Daybreak on a Monday
June 21, 2010
One of the things I like to do is to compare my carefree state against the school going/working people during my rationed holiday.
On Sunday night we met up at eleven thirty. Best thing about midnight showings at this time is that you need not worry about good seats and availability of tickets. We got ourselves a prime spot amid all the heteronormativity of couple seats.
Toy story 3 probably the best Pixar offering of late. I’m just not a ‘up’ fan. Wholesome storyline just don’t do for me. Woody and buzz lightyear return, with numerous hilarious scenes from buzz in Spanish mode, mr potato’s prata incognito, the haunting baby that we all know freaks us more with its harmless and innocent gaze, Rex’s all time bimbotic liners, the Barbie and Ken lovestory and evil doctor pork chop.
For one, this sequel trumps shrek 3. It is at least relevant, and pretty entertaining throughout the 109 minutes.
Post midnight movie, we went downtown on two feet. Night’s a little on the quiet side. Got to Clarke quay at 2.30. In the nick of time for the bra vs civ match. We watched at the verve which thankfully screened all the matches. Ended with a 3-1 with kaka getting a red card. Now, who should I watch it for next time:/
Time passed insanely fast. We walked to boat quay, chatted abit. At about 530 we made our way to raffles city for some yummy hotcakes and bogey coloured scrambled eggs. I like.
This feeling I wanted to relive. It’s a Nick and Norah kind of thing.
How I adore balloons.
I once saw this photo from my friend’s facebook account. Brightly super saturated colored balloons attached on strings to a vespa. Dreamy vignetting cornered a lush green landscape. Oh how fun lomo can be.

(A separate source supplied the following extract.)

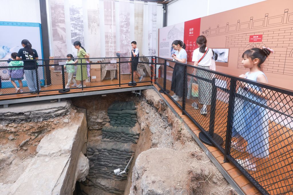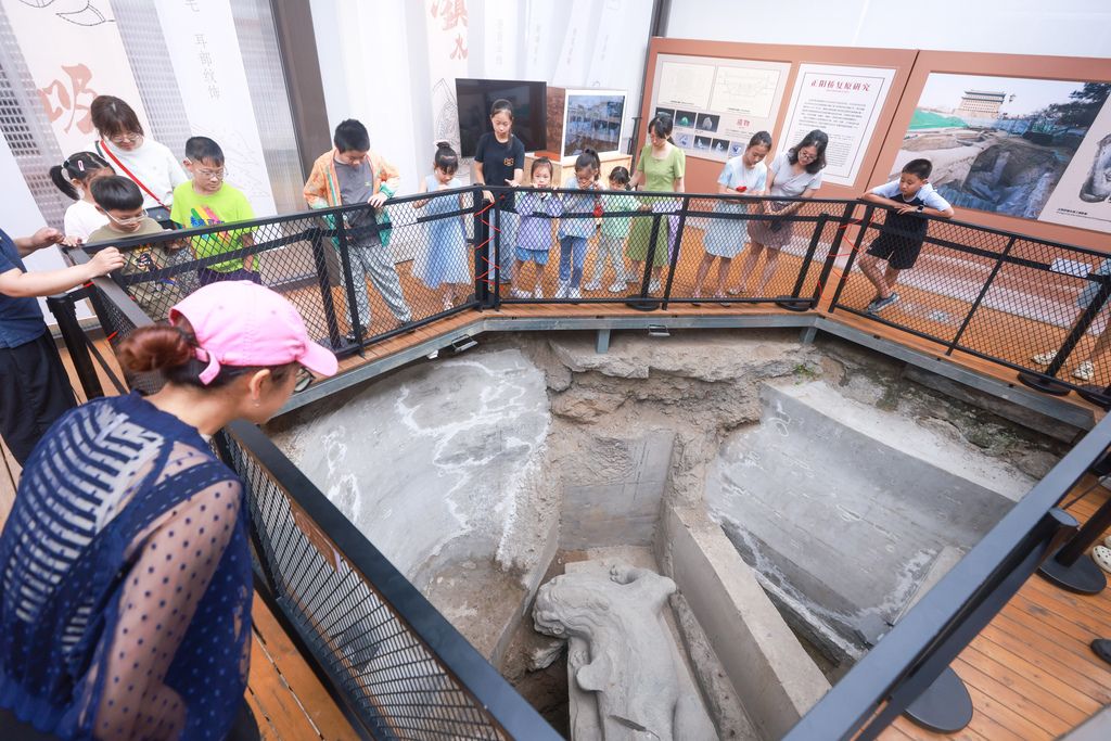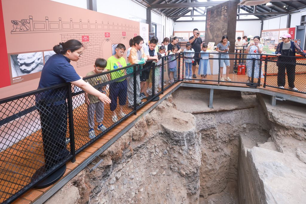 2025年7月20日,位于北京中轴线上的正阳桥遗址考古方舱内,小学生们在听取讲解,学习历史知识。暑假开始后,北京中轴线上各景点的研学热度不断升高。 中新社记者 贾天勇 摄

I spent the night with my laptop. Hopeless IT twit that I am, trying to format my hard disk which was wrecked by a worm. Or so it seemed. (AVG stopped detecting it after a while. what, it went underground?) For strange reason, even after 9 hours my hard disk retained its pristine folders, unscathed by the drastic clean up action. Puzzling, puzzling. So eventually after downloading softwares which did nothing. I decided to try quick format and alas, it was done.
For a split second work.
I haven’t been doing much. I want to shoot and camp. And my impulsive nature is going crazy at the rate I’m taking to do what I want to do. I don’t like to pan out the things I have to do in advance. It’s a holiday killjoy mode. I want to think, go and do. Already my plan for the next few days is a mega bore. blehhh.